• [Task]
After finding the line with "Trendy Rhinestones Plums" in the entries below, retype exactly each line from there through the line with "Japanese Wabi-Sabi Style", including that final line.

• [Data supplied]
┄┄┄┄┄┄

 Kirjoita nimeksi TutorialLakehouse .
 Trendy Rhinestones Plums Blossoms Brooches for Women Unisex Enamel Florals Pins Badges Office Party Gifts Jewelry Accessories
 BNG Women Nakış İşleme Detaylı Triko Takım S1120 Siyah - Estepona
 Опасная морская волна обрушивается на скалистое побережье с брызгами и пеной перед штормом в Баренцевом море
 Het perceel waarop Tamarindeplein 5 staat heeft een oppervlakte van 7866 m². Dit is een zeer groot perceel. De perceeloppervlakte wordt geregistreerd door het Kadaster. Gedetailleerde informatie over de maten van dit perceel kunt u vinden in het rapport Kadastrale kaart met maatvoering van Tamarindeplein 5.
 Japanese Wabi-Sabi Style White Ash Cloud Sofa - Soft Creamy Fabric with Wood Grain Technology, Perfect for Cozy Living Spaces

┄┄┄┄┄┄

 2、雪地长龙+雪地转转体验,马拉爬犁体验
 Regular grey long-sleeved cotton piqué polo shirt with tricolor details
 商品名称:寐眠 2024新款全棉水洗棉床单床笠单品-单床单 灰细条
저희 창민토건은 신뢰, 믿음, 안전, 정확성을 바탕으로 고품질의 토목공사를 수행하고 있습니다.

┄┄┄┄┄┄

• [Reply to the exercise]
 Trendy Rhinestones Plums Blossoms Brooches for Women Unisex Enamel Florals Pins Badges Office Party Gifts Jewelry Accessories
 BNG Women Nakış İşleme Detaylı Triko Takım S1120 Siyah - Estepona
 Опасная морская волна обрушивается на скалистое побережье с брызгами и пеной перед штормом в Баренцевом море
 Het perceel waarop Tamarindeplein 5 staat heeft een oppervlakte van 7866 m². Dit is een zeer groot perceel. De perceeloppervlakte wordt geregistreerd door het Kadaster. Gedetailleerde informatie over de maten van dit perceel kunt u vinden in het rapport Kadastrale kaart met maatvoering van Tamarindeplein 5.
 Japanese Wabi-Sabi Style White Ash Cloud Sofa - Soft Creamy Fabric with Wood Grain Technology, Perfect for Cozy Living Spaces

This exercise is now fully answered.